Reconstructing the absolute 3D pose and shape of the hands from the user's viewpoint using a single head-mounted camera is crucial for practical egocentric interaction in AR/VR, telepresence, and hand-centric manipulation tasks, where sensing must remain compact and unobtrusive. While monocular RGB methods have made progress, they remain constrained by depth-scale ambiguity and struggle to generalize across the diverse optical configurations of head-mounted devices. As a result, models typically require extensive training on device-specific datasets, which are costly and laborious to acquire. This paper addresses these challenges by introducing EgoForce, a monocular 3D hand reconstruction framework that recovers robust, absolute 3D hand pose and its position from the user's (camera-space) viewpoint. EgoForce operates across fisheye, perspective, and distorted wide-FOV camera models using a single unified network. Our approach combines a differentiable forearm representation that stabilizes hand pose, a unified arm-hand transformer that predicts both hand and forearm geometry from a single egocentric view, mitigating depth-scale ambiguity, and a ray space closed-form solver that enables absolute 3D pose recovery across diverse head-mounted camera models. Experiments on three egocentric benchmarks show that EgoForce achieves state-of-the-art 3D accuracy, reducing camera-space MPJPE by up to 28% on the HOT3D dataset compared to prior methods and maintaining consistent performance across camera configurations. For more details, visit the project page at https://dfki-av.github.io/EgoForce.

Editorial analysis

A structured set of objections, weighed in public.

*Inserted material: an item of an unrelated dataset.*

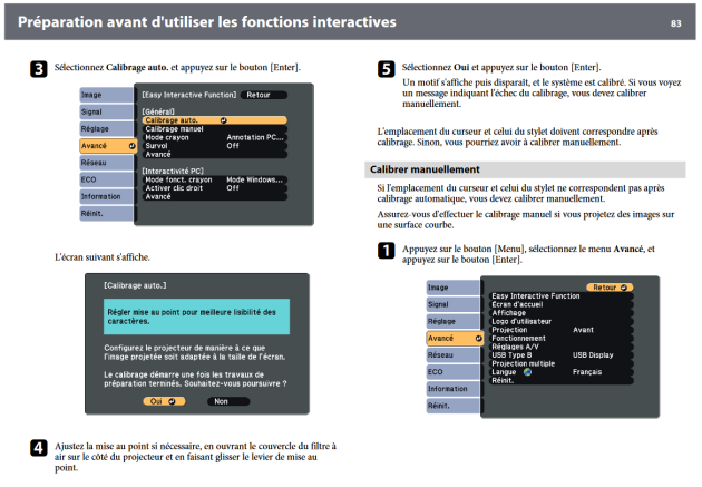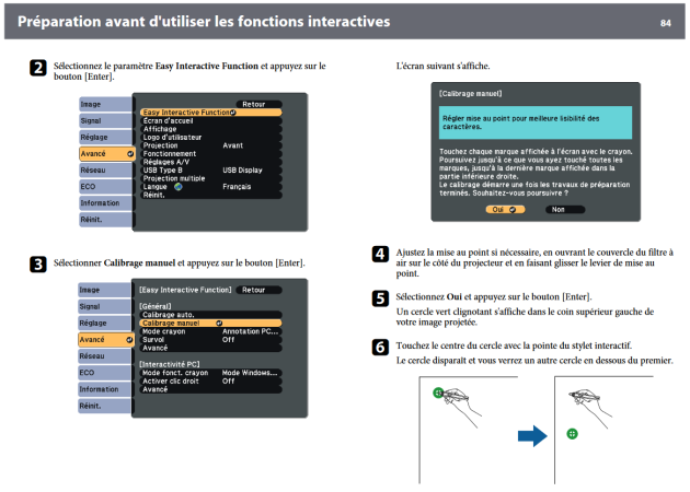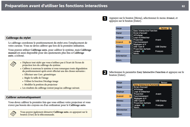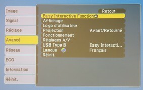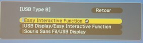 Dans le menu du vidéoprojecteur, aller dans Avancé->USB type B et choisir Easy Interactive Function

Desk editor's note, referee report, simulated authors' rebuttal, and a circularity audit. Tearing a paper down is the easy half of reading it; the pith above is the substance, this is the friction.

Referee Report

2 major / 1 minor

Summary. The paper introduces EgoForce, a monocular framework for absolute 3D hand pose and shape reconstruction from egocentric RGB images captured by head-mounted cameras. It proposes a differentiable forearm representation to stabilize pose, a unified arm-hand transformer to predict hand and forearm geometry jointly, and a ray-space closed-form solver to recover absolute 3D coordinates. The method claims to operate across fisheye, perspective, and distorted wide-FOV models using a single network without device-specific training data. Experiments on three egocentric benchmarks report state-of-the-art camera-space MPJPE, with up to 28% reduction on HOT3D and consistent cross-configuration performance.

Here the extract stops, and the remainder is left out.